What you will do:
With the pictures omitted, print exactly the lines below, from the one containing "Open concept kitchen, living" through the one containing "Gerber Baby Boys", and nothing else.

*** Opening Data to examine ***

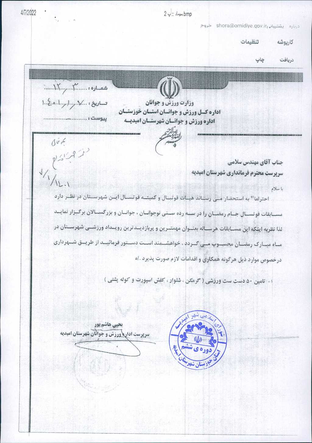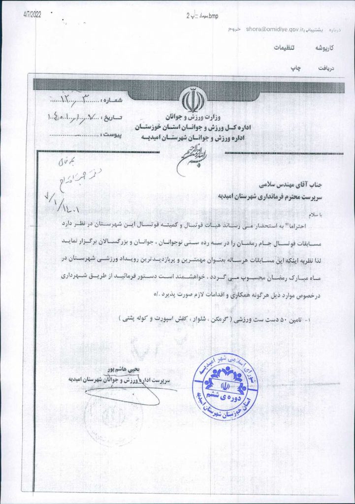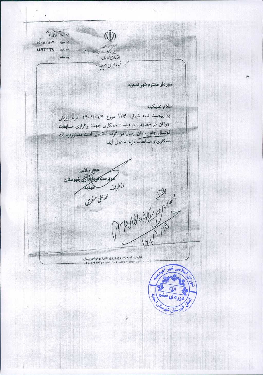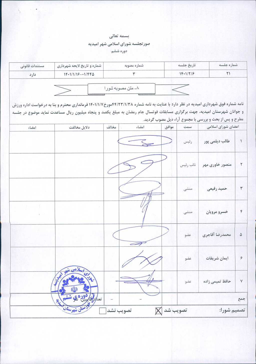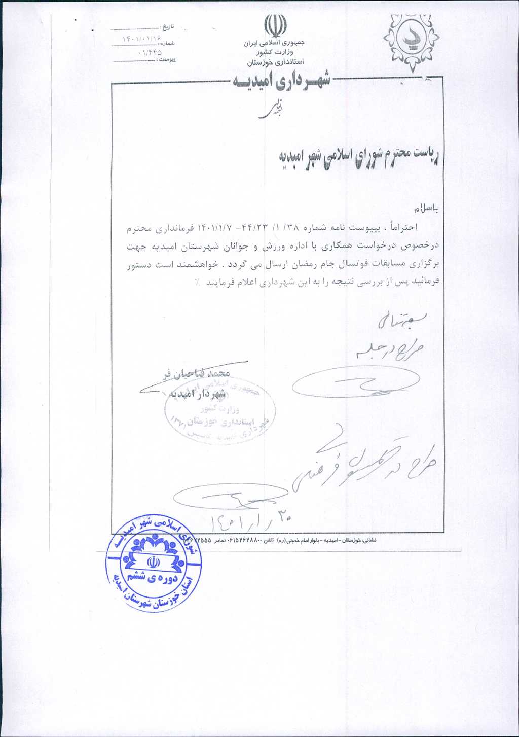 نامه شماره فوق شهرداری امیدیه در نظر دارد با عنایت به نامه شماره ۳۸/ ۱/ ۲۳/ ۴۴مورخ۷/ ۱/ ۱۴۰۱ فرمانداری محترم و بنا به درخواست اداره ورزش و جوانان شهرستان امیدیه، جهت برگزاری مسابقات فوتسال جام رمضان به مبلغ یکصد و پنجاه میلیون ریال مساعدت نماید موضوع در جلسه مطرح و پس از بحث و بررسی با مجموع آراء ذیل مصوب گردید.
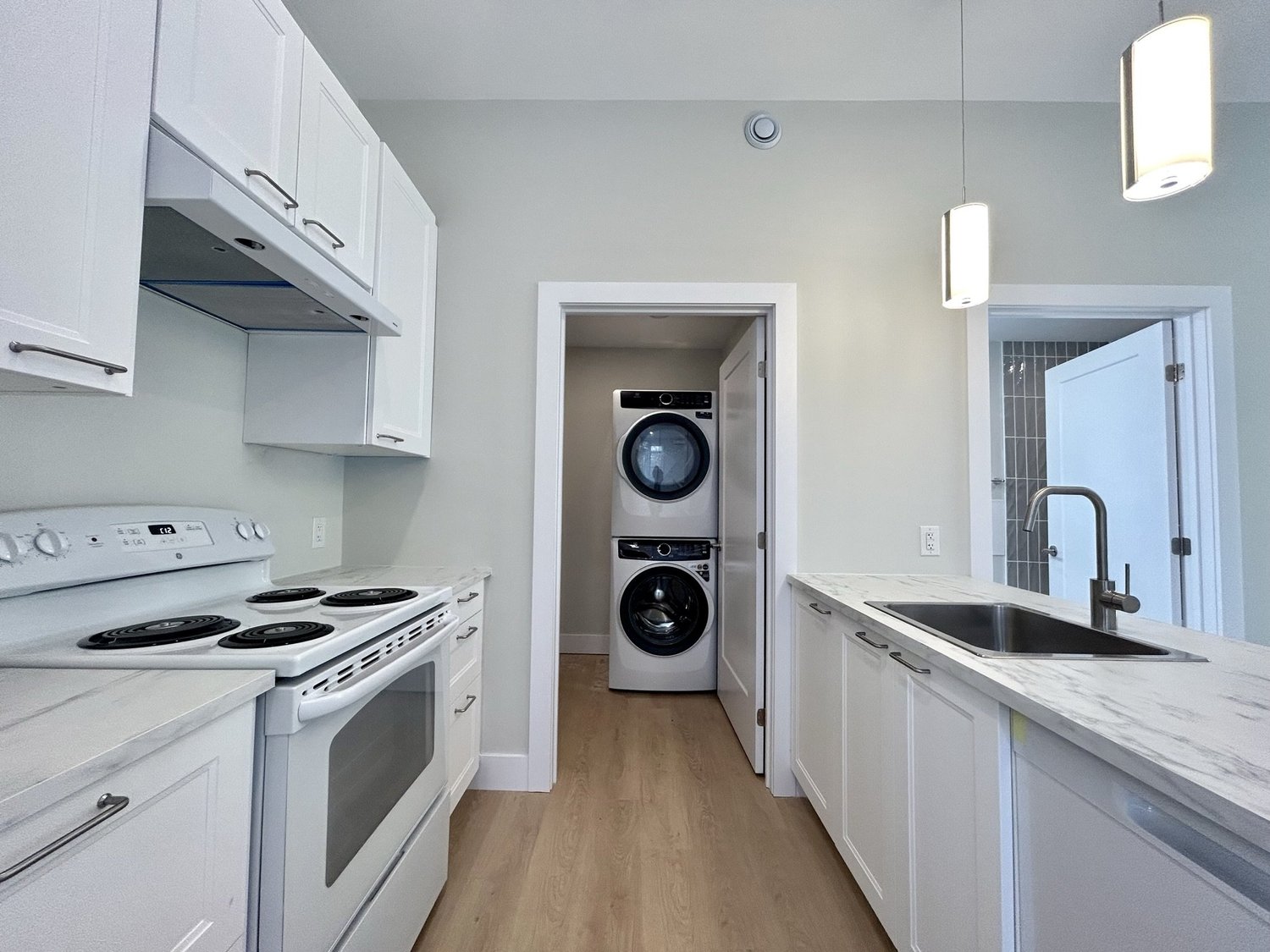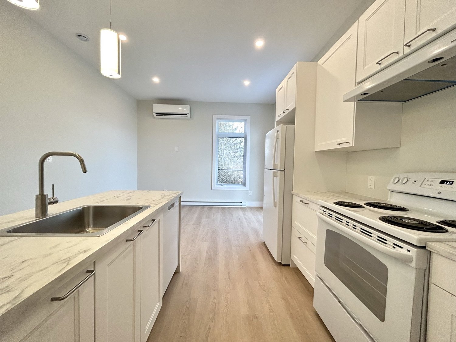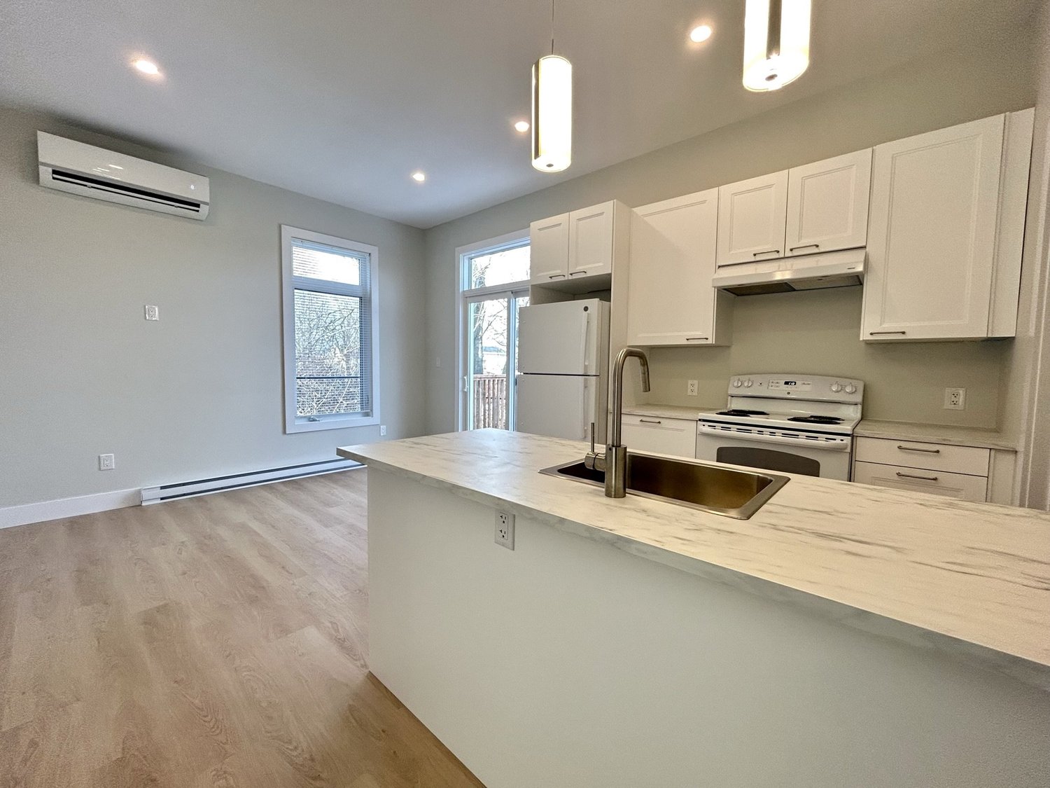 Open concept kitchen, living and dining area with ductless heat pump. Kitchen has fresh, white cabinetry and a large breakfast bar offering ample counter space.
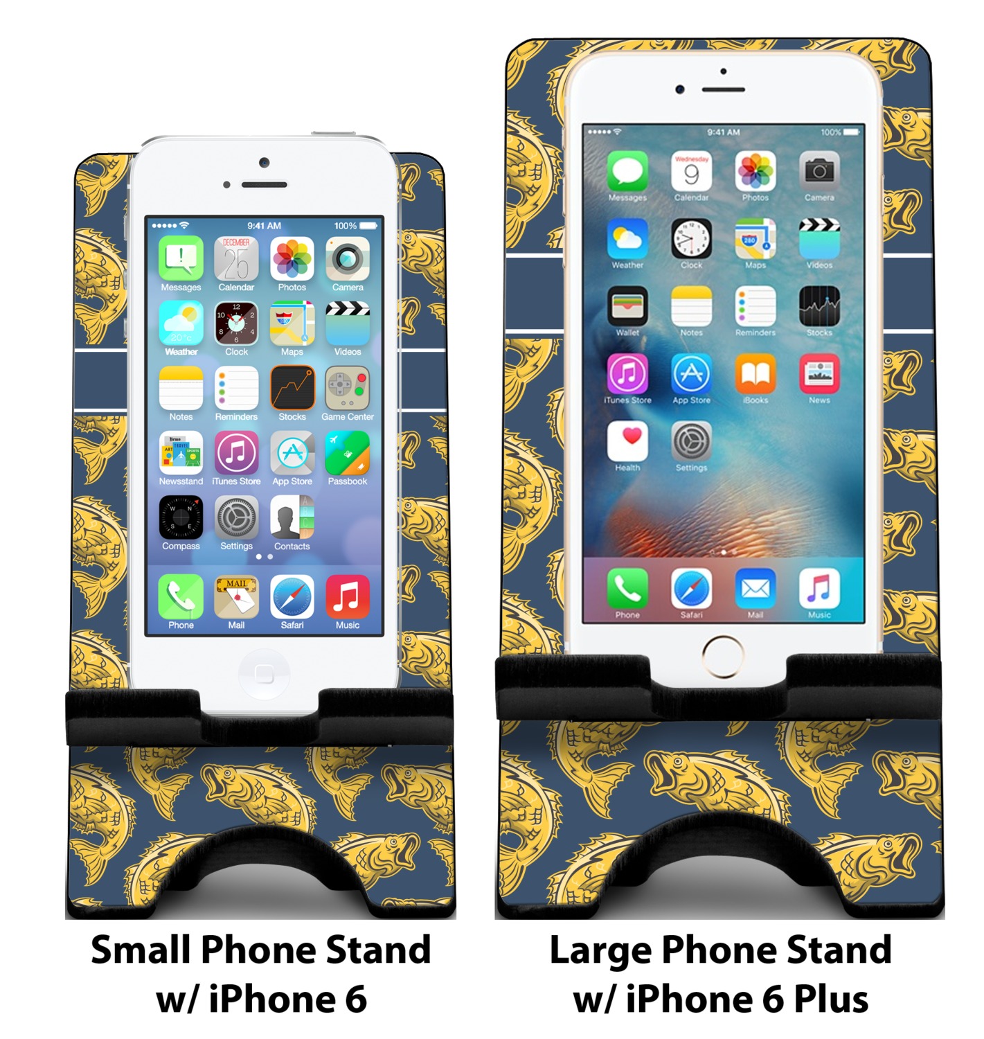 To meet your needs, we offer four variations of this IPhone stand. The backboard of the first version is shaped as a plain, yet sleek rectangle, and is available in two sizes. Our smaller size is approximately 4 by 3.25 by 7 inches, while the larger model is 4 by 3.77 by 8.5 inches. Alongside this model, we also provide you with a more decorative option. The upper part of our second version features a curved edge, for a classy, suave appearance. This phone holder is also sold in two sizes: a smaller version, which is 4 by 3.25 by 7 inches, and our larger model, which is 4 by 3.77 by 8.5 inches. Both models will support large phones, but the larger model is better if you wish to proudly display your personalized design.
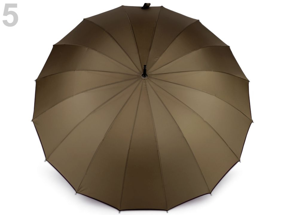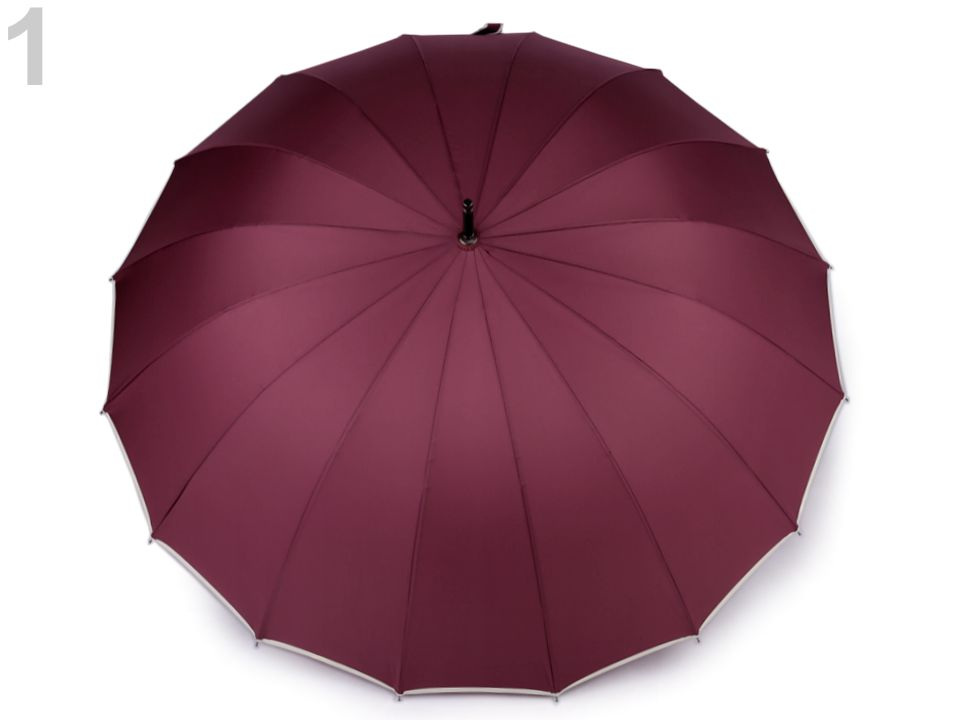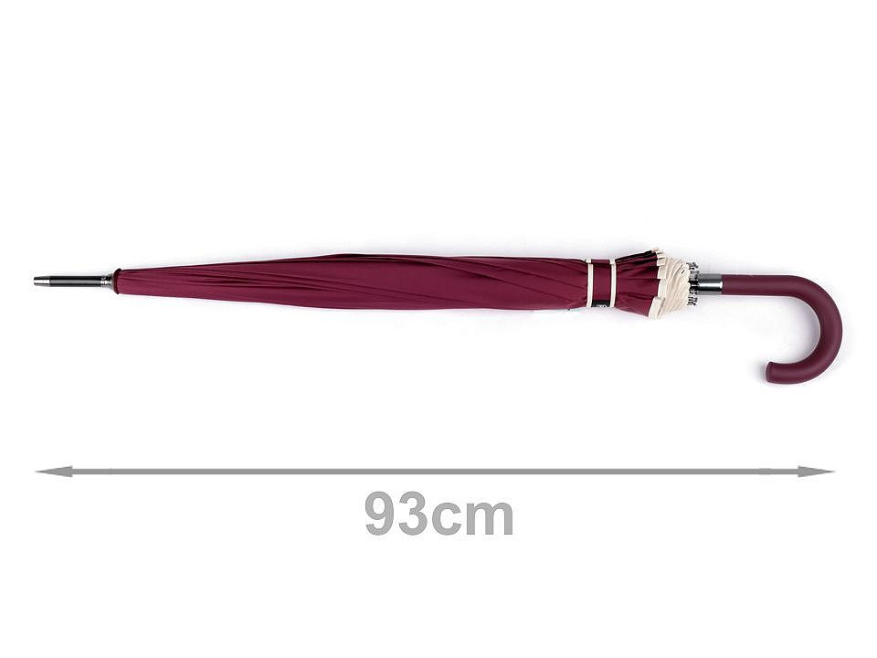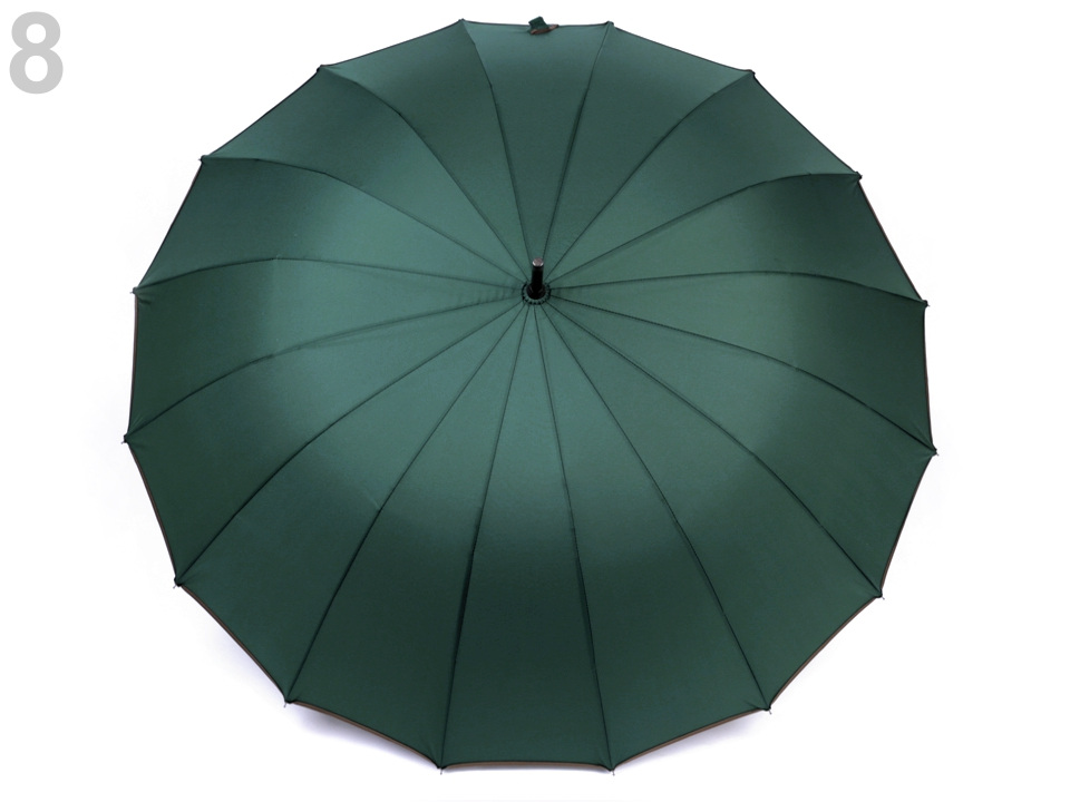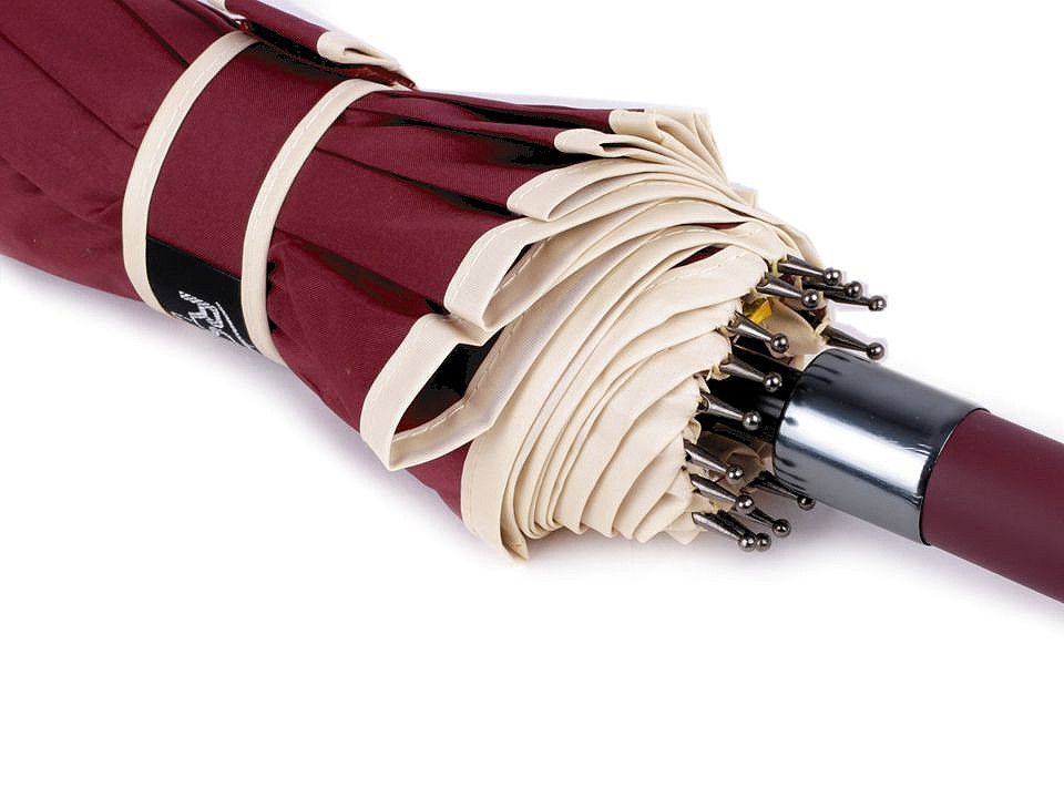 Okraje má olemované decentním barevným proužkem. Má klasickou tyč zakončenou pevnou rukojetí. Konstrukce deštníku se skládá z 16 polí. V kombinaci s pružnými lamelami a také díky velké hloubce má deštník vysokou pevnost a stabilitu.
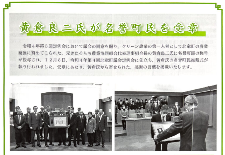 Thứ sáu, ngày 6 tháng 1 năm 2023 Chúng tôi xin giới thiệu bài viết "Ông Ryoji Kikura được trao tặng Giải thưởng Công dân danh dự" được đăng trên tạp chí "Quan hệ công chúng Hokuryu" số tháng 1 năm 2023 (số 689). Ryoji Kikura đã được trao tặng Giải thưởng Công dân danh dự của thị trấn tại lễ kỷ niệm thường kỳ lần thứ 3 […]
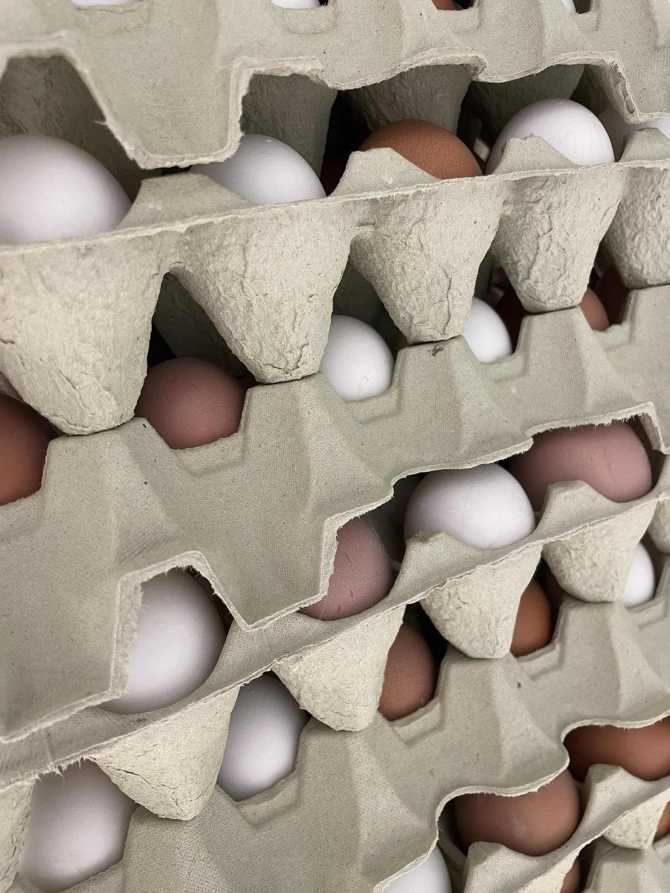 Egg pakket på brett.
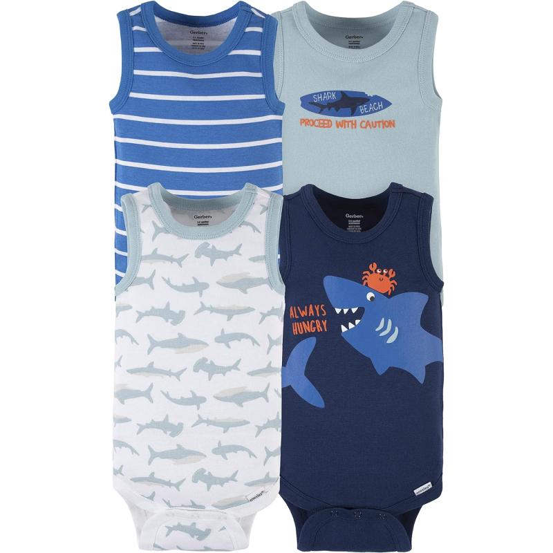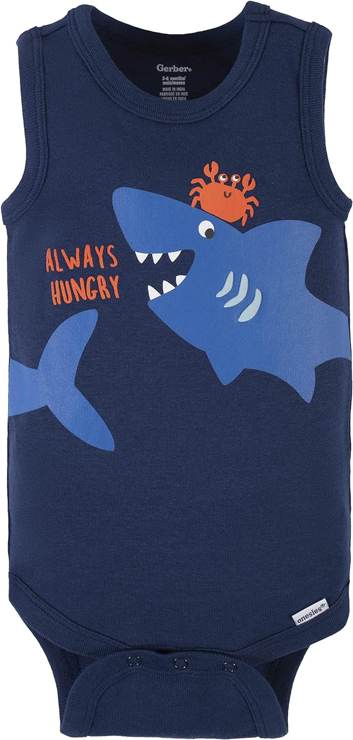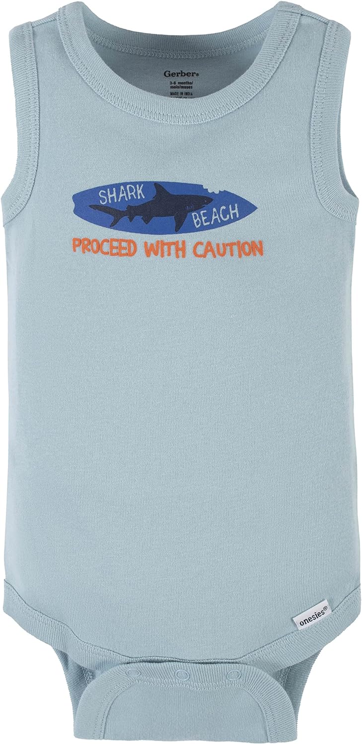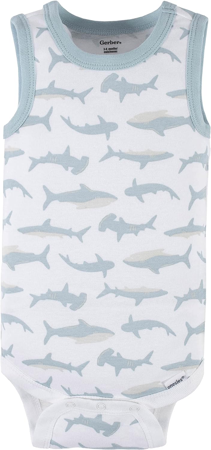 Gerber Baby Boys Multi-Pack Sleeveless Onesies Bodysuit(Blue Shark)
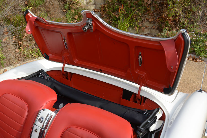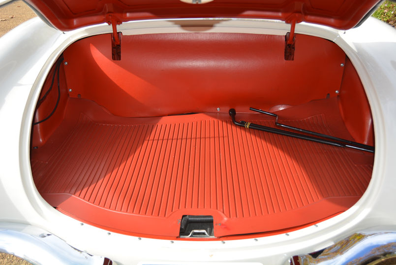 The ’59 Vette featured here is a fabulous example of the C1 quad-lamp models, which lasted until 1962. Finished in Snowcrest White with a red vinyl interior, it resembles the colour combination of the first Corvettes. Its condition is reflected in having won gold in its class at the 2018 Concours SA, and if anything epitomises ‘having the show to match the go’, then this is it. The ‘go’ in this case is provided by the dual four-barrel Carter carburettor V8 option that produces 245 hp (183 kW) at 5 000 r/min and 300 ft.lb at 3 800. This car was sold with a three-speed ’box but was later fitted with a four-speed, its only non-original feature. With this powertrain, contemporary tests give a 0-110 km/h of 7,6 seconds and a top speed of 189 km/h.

*** Closing Data to examine ***

Answer space:
 Open concept kitchen, living and dining area with ductless heat pump. Kitchen has fresh, white cabinetry and a large breakfast bar offering ample counter space.
 To meet your needs, we offer four variations of this IPhone stand. The backboard of the first version is shaped as a plain, yet sleek rectangle, and is available in two sizes. Our smaller size is approximately 4 by 3.25 by 7 inches, while the larger model is 4 by 3.77 by 8.5 inches. Alongside this model, we also provide you with a more decorative option. The upper part of our second version features a curved edge, for a classy, suave appearance. This phone holder is also sold in two sizes: a smaller version, which is 4 by 3.25 by 7 inches, and our larger model, which is 4 by 3.77 by 8.5 inches. Both models will support large phones, but the larger model is better if you wish to proudly display your personalized design.
 Okraje má olemované decentním barevným proužkem. Má klasickou tyč zakončenou pevnou rukojetí. Konstrukce deštníku se skládá z 16 polí. V kombinaci s pružnými lamelami a také díky velké hloubce má deštník vysokou pevnost a stabilitu.
 Thứ sáu, ngày 6 tháng 1 năm 2023 Chúng tôi xin giới thiệu bài viết "Ông Ryoji Kikura được trao tặng Giải thưởng Công dân danh dự" được đăng trên tạp chí "Quan hệ công chúng Hokuryu" số tháng 1 năm 2023 (số 689). Ryoji Kikura đã được trao tặng Giải thưởng Công dân danh dự của thị trấn tại lễ kỷ niệm thường kỳ lần thứ 3 […]
 Egg pakket på brett.
 Gerber Baby Boys Multi-Pack Sleeveless Onesies Bodysuit(Blue Shark)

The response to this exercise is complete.